» **Prompt**:
Reproduce each record verbatim, images excluded.

Dataset entries
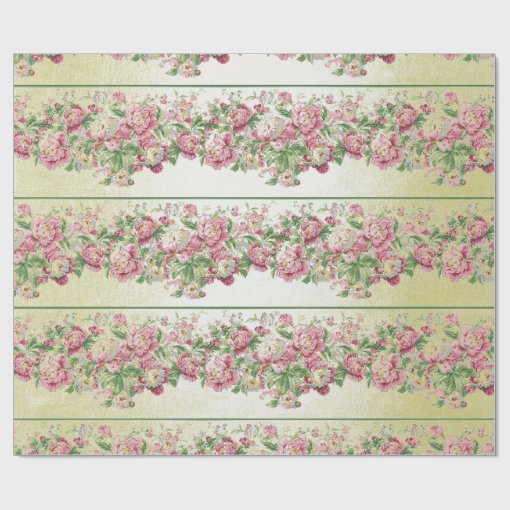 Floral Mint Green Roses Pink Pearly Pastel Vip Wrapping Paper | Zazzle
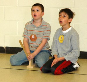 Centered around space, the students had a chance to build launchers and then working with angles and tension got points for calculating the precise angle and strength to hit a “planet” target halfway across the gymnasium.
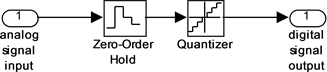 The analog to digital converter is illustrated in Figure 5. It is composed of a zero order hold block and a quantizer block. The zero order hold block is used to transform the analog signal to the discrete signal and the quantizer complete the transformation from the discrete signal to the digital signal. Even through this model just presents the ideal conversion process but not consider the non-ideal factor of an actual ADC, the effect of the quantized bit number can be investigated. However, in order to investigate the non-ideal effect of an actual ADC, a more detailed model of ADC is needed to replace this model.
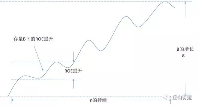 如果用相对形象的图来表示,净资产的增长空间,ROE的高度和持续时间以及它们如何影响企业的价值。
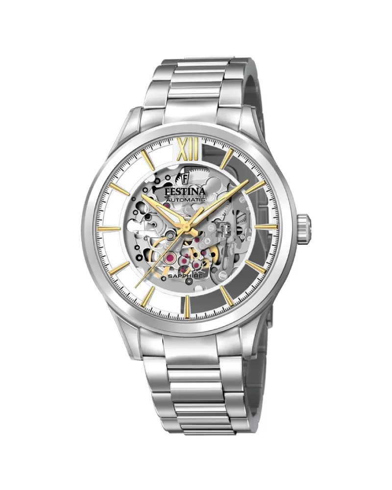 Krásná a elegantní kolekce automatických mechanických hodinek Festina. Velmi oblíbená kolekce, které v sobě skrývá kus pravé tradiční hodinařiny. Nosit na ruce automatický mechanický strojek je pro milovníky hodinek doslova poklad. U dámských modelů dokonce můžeme na mechanický strojek nahlídnout skrz otvor na číselníku na přední straně hodinek.
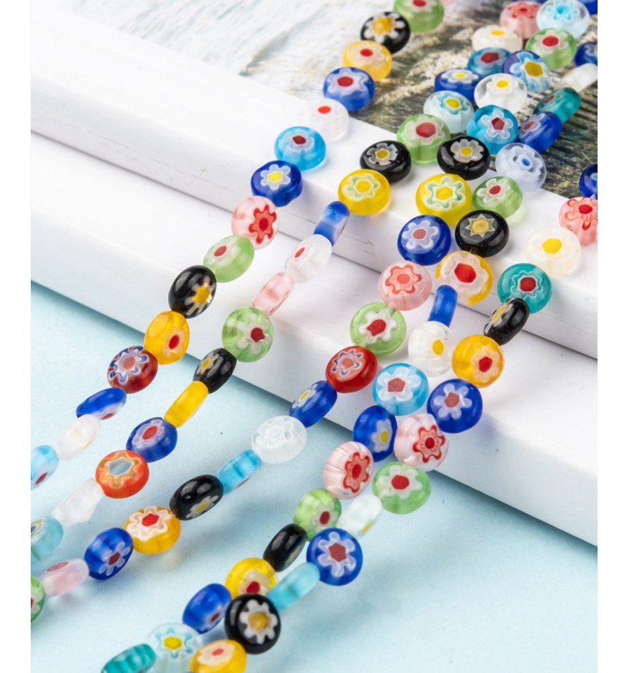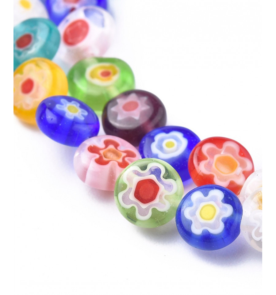 6mm - Chapelet perle de verre ronde et plate - Millefiori
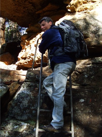 Gary Williams descending the ladder that negotiates a route from the top to bottom of Forty Foot Falls
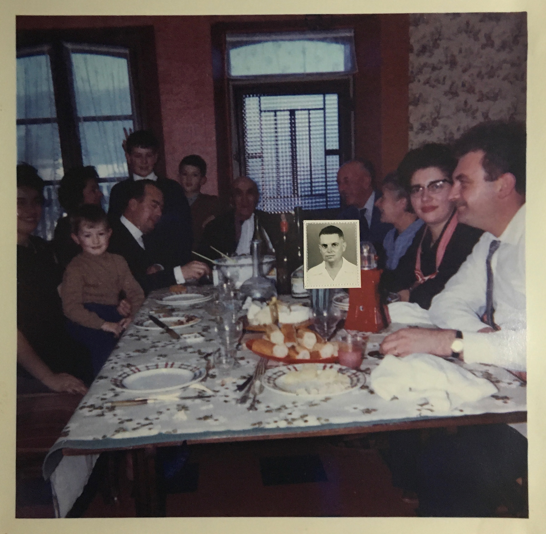 Souvenir du repas. Format : 40 x40 x 2 cm. Techniques : Reproduction d'une photographie, photo d'identité originale, fil.

» **Task result**:
 Floral Mint Green Roses Pink Pearly Pastel Vip Wrapping Paper | Zazzle
 Centered around space, the students had a chance to build launchers and then working with angles and tension got points for calculating the precise angle and strength to hit a “planet” target halfway across the gymnasium.
 The analog to digital converter is illustrated in Figure 5. It is composed of a zero order hold block and a quantizer block. The zero order hold block is used to transform the analog signal to the discrete signal and the quantizer complete the transformation from the discrete signal to the digital signal. Even through this model just presents the ideal conversion process but not consider the non-ideal factor of an actual ADC, the effect of the quantized bit number can be investigated. However, in order to investigate the non-ideal effect of an actual ADC, a more detailed model of ADC is needed to replace this model.
 如果用相对形象的图来表示,净资产的增长空间,ROE的高度和持续时间以及它们如何影响企业的价值。
 Krásná a elegantní kolekce automatických mechanických hodinek Festina. Velmi oblíbená kolekce, které v sobě skrývá kus pravé tradiční hodinařiny. Nosit na ruce automatický mechanický strojek je pro milovníky hodinek doslova poklad. U dámských modelů dokonce můžeme na mechanický strojek nahlídnout skrz otvor na číselníku na přední straně hodinek.
 6mm - Chapelet perle de verre ronde et plate - Millefiori
 Gary Williams descending the ladder that negotiates a route from the top to bottom of Forty Foot Falls
 Souvenir du repas. Format : 40 x40 x 2 cm. Techniques : Reproduction d'une photographie, photo d'identité originale, fil.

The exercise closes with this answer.